Seeing finance minister Bill Morneau finally get to his budget last week produced a measure of disappointment and nostalgia. He brought back distant memories of the clean-cut young Anglican priest who came to our grade six class at Rosedale Public School in Toronto to try to entice us wayward kids back to Sunday School. The problem with that priest and with Bill Morneau is that you have heard all that B.S. before.
Can you imagine a budget in this day and age that makes a big deal of increases in the sin taxes on alcohol and cigarettes? Can you imagine a budget talking about innovation and innovates nothing? It was a sad occasion for Canadians.
On Vassy Kapelos’ West Block show on Sunday, you were hard-pressed to understand why Morneau had come out of hiding. His explanations were pathetic. You were just as in the dark as you were before he explained it.
It might have helped if Bill Morneau had an inkling as to what is meant by innovation. He certainly used the word enough. You got the impression that the innovation centres across Canada were what he was counting on to bring about innovation for Canada.
But we can hardly rely on places where you develop new apps for your Apple phone to move Canada forward.
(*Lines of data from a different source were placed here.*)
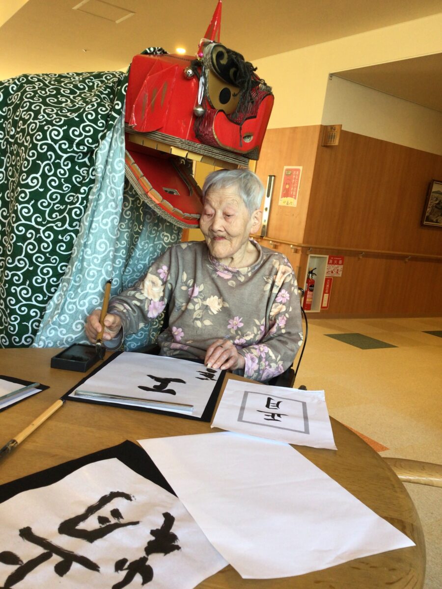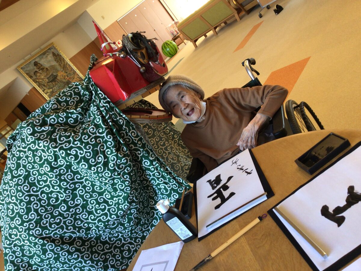 書初めでは、筆を手に取り、思い思いの文字を書かれるご利用者の姿が見られました。
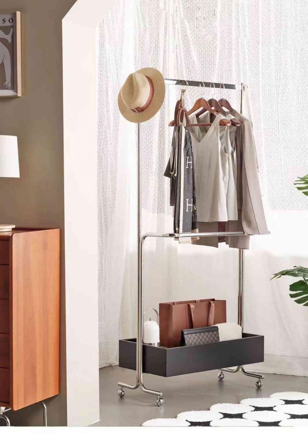 현대 중세 바닥 스탠딩 옷걸이 스테인레스 스틸 옷걸이 코트 랙 침실 모바일 의류 보관 코트 랙스토어 가기
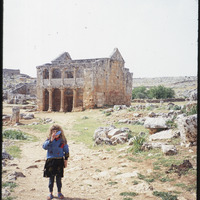 صورة لطفلة من أمام أنقاض منزل من طابقين في موقع سرجيلا الأثري

Every once in a while, one of these centres will come up with a new type of lightbulb but they rarely astound Bay Street.
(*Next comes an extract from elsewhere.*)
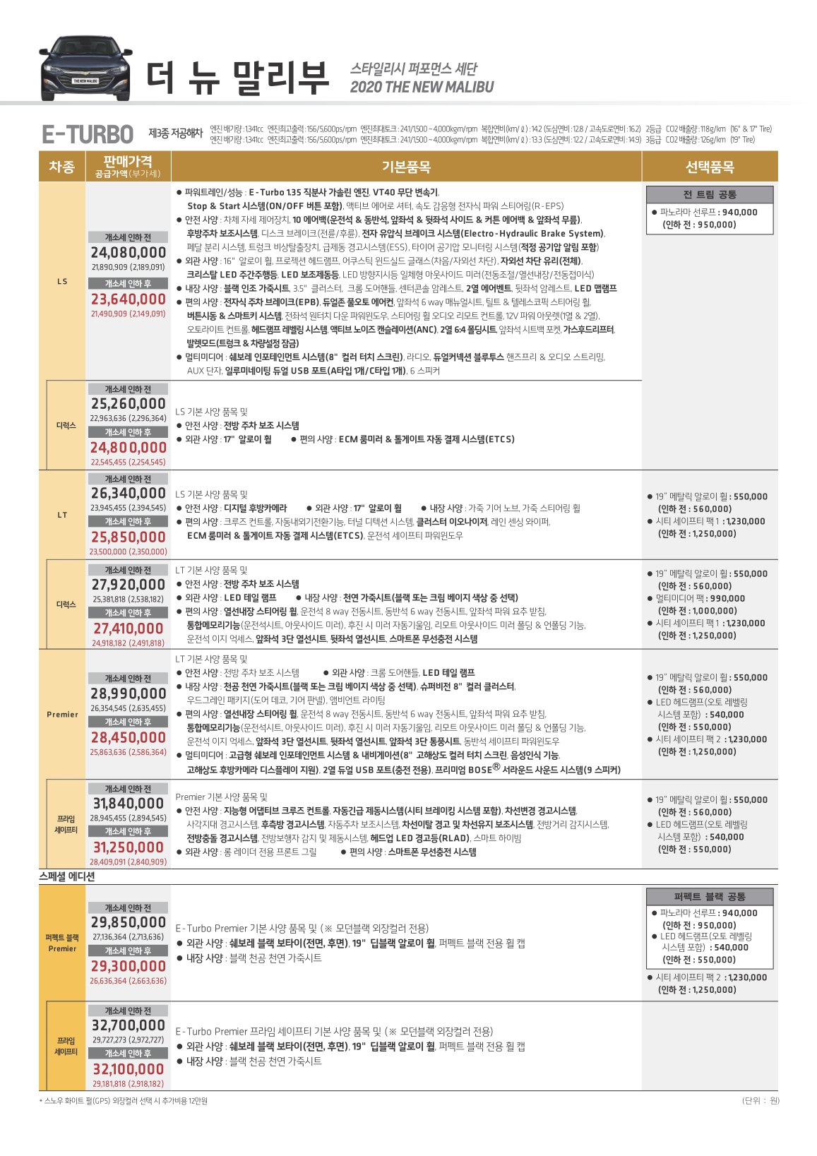 2020년 10월 말리부 신차가격표 (2021년형 말리부 출시)

If this was 150 years ago, we had a John Macdonald who said maybe we could bind this new nation together with a railroad from sea to sea. And that old drunk did it. He might not have looked as good in his selfies as the present prime minister but he came up with ideas and he got them done. Just think what a modern 350-kph railroad could do for this country. And that would take innovation. Bombardier could actually be helpful.
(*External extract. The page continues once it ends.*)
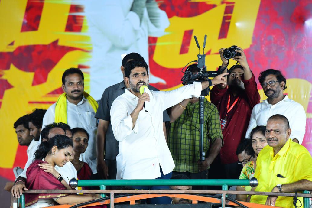 జాబ్ క్యాలెండర్ ఇవ్వలేదు, 2.30 లక్షల ఉద్యోగాలు ఇవ్వలేదు, ప్రతి ఏటా 6,500 పోలీసు ఉద్యోగాలు ఇవ్వలేదు, గ్రూప్2 లేదు, డిఎస్సి లేదు. ఉన్న అంబేద్కర్ స్టడీ సర్కిల్స్, బీసీ స్టడీ సర్కిల్స్ మూసేసాడు. జిఓ77 తీసుకొచ్చి ఉన్నత విద్య చదువుతున్న వారికీ ఫీజు రీయింబర్స్మెంట్ పధకం రద్దు చేసాడు. యువగళాన్ని విన్నాం. ప్రభుత్వ, ప్రైవేట్, స్వయం ఉపాధి ద్వారా 5 ఏళ్లలో 20 లక్షల ఉద్యోగాలు కల్పిస్తాం. నిరుద్యోగ యువతకు యువగళం నిధి కింద నెలకు రూ.3000 ఇస్తాం. టిడిపి అధికారంలోకి వచ్చిన వెంటనే ప్రతి ఏడాది జాబ్ నోటిఫికేషన్ ఇస్తాం. పెండింగ్ పోస్టులు అన్ని భర్తీ చేస్తాం. అన్ని జిల్లాల్లో స్టడీ సర్కిల్స్ ఏర్పాటు చేస్తాం. జగన్ రైతులు లేని రాజ్యం తెస్తున్నాడు. జగన్ పరిపాలనలో నకిలీ విత్తనాలు, ఎరువులు, పురుగుల మందులతో రైతులు నష్టపోతున్నారు. రైతుల ఆత్మహత్యల్లో ఏపీ నంబర్ 3, కౌలు రైతుల ఆత్మహత్యల్లో నంబర్ 2. రైతుల్ని ఆదుకోకపోగా ఇప్పుడు మోటార్లకు మీటర్లు పెడుతున్నాడు. ఆ మీటర్లు రైతులకు ఉరితాళ్లు. మీటర్లు బిగిస్తే పగలగొట్టండి. టిడిపి మీకు అండగా ఉంటుంది. రైతుల బాధలు చూసాం. టిడిపి అధికారంలోకి వచ్చిన వెంటనే అన్నదాతకు ఏడాదికి రూ.20 వేలు ఇస్తాం.

And think about guys like Banting and Best who did some useful innovation in medicine. There are all kinds of opportunities for innovation. And you never know where the opportunities will arise. Our late brother watched the early shadowy pictures of the men on the moon many years ago and said, “I can fix that.”
He went into the Houston offices of NASA a short time later and showed the people running the American space program sharp clear pictures of what came from the moon. Today we get superior pictures from around the world and beyond because of John Lowry’s innovation.